I have a script that counts the frequency of words and saves the results to a json file. When it is run again, it reads the existing json file, combines the results, then re-writes the json file. This can happen repeatedly within a request, and there can be many simultaneous requests, so I used flock() to try to prevent errors. I let it run for a while yesterday and got good data but this morning I checked and the file was corrupt. (still a good text file, but the json was broken.)

Here are the relevant parts of my code:

if(is_file('/home/myuser/public_html/word_counts.json'))
  {
    $prevoius_counts=json_decode(file_get_contents('/home/myuser/public_html/word_counts.json'),true);
  }
if(!$prevoius_counts)  
  {
    $prevoius_counts=array();
  } 
$new_counts=count_words($item->Description,$item->IDENTIFIER); //Creates an array like: array('the'=>20,'it'=>15,'spectacular'=>1);
$combined_counts=sum_associatve(array($new_counts,$prevoius_counts)); like array_merge, but sums duplicate keys instead of overwriting.
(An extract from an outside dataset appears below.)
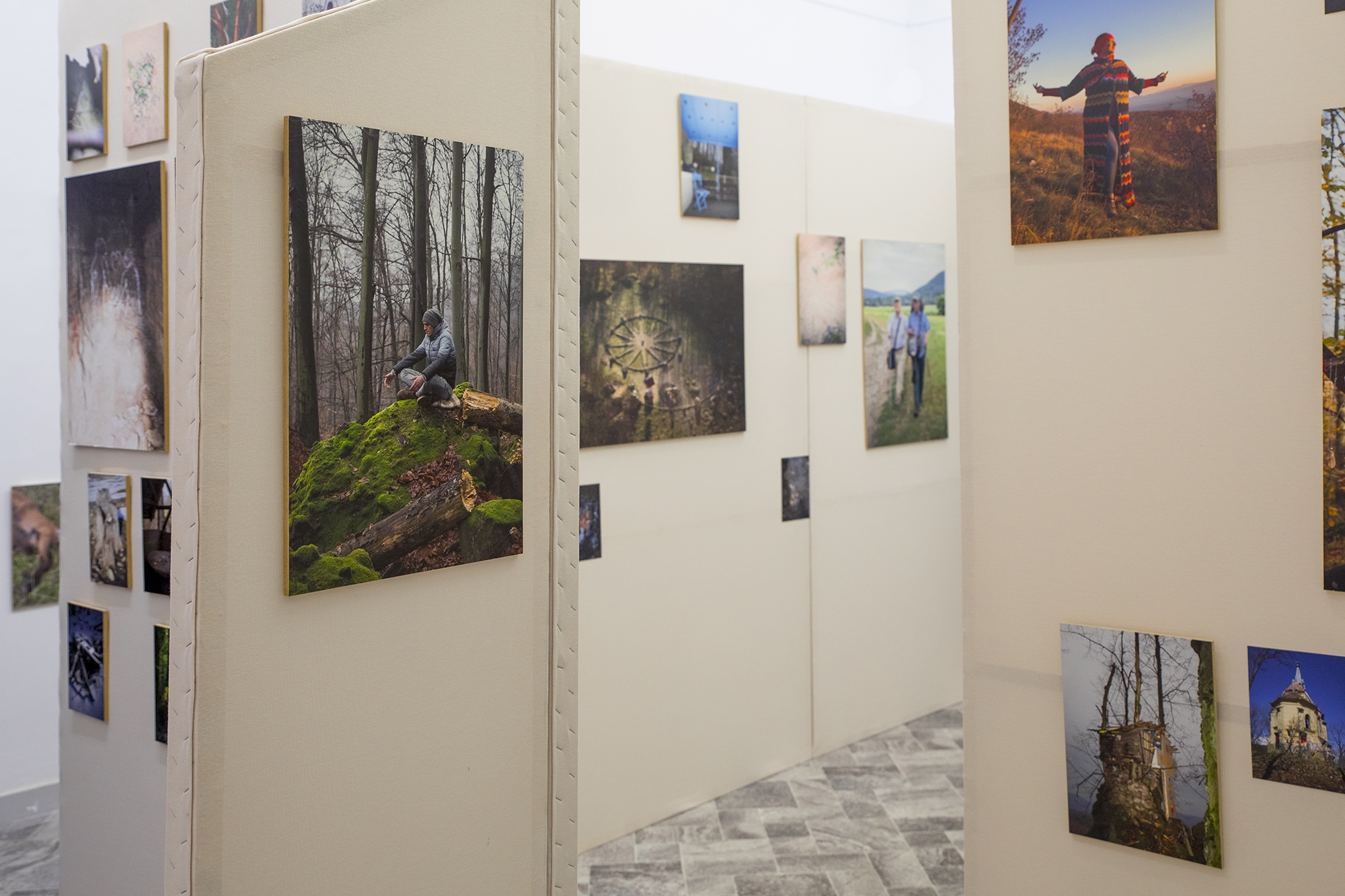 A kiállításon e logika mentén haladva olyan paravánokból felépített utat építettek, amelybe belépve a látogató valamilyen módon a fotográfus élményei mentén halad végig. Ennek során különböző méretű és kontextusú fényképeket lát, térképekkel találkozik, tárgyi emlékekkel léphet kapcsolatba. „Kirakunk olyan felületet is, ahol a látogató saját maga is le tud ülni reflektálni és nyomot hagyni. Ahogy a pilisi zarándokútvonalakat bejáró emberek is otthagyják a saját kis emlékeiket, hasonló módon itt is azt szeretnénk, hogy a kiállítás minden egyes interaktív reflexióval gazdagabb legyen.”

$fh=fopen('/home/myuser/public_html/word_counts.json','c'); //this will always be over-written with new data, but the "c" prevents it from being truncated to 0 bytes
if (flock($fh, LOCK_EX)) 
  {
    fwrite($fh, json_encode($combined_counts));
    flock($fh, LOCK_UN);    // release the lock
  }
fclose($fh);

function count_words($description,$unique=null){
// /([\s_;?!\/\(\)\[\]{}<>\r\n"]|\.$|(?<=\D)[:,.\-]|[:,.\-](?=\D))/
// /([\s\-_,:;?!\/\(\)\[\]{}<>\r\n"]|(?<!\d)\.(?!\d))/
// http://rick.measham.id.au/paste/explain.pl?regex=
// http://stackoverflow.com/questions/20006448
    $to_be_counted=strtolower($description);
    $to_be_counted.=' BLOCKS '.$unique;
    $words=preg_split('/([\s_;?!\/\(\)\[\]{}<>\r\n"]|\.$|(?<=\D)[:,.]|[:,.](?=\D))/', $to_be_counted, null, PREG_SPLIT_NO_EMPTY);
    return array_count_values ($words);
  }

  function sum_associatve($arrays){
    $sum = array();
    foreach ($arrays as $array) {
        foreach ($array as $key => $value) {
            if (isset($sum[$key])) {
                $sum[$key] += $value;
            } else {
                $sum[$key] = $value;
            }
        }
    } 
    return $sum;
}

Since it works for a while but finally writes bad json, I don't know if it's a file locking problem, or if I have some issue where the json_encode is returning bad data...?

TecBrat
  • 3,643
  • 3
  • 28
  • 45
  • I am testing it now with `ftruncate();` added before my `fwrite();` I might have my own answer. – TecBrat Nov 20 '13 at 15:11

1 Answers1

0

This seems to be working, but I'm still not 100% sure it's getting everything:

if (flock($fh, LOCK_EX)) 
  {
    ftruncate($fh, 0);
    fwrite($fh, json_encode($combined_counts));
    flock($fh, LOCK_UN);    // release the lock
  }
fclose($fh);
TecBrat
  • 3,643
  • 3
  • 28
  • 45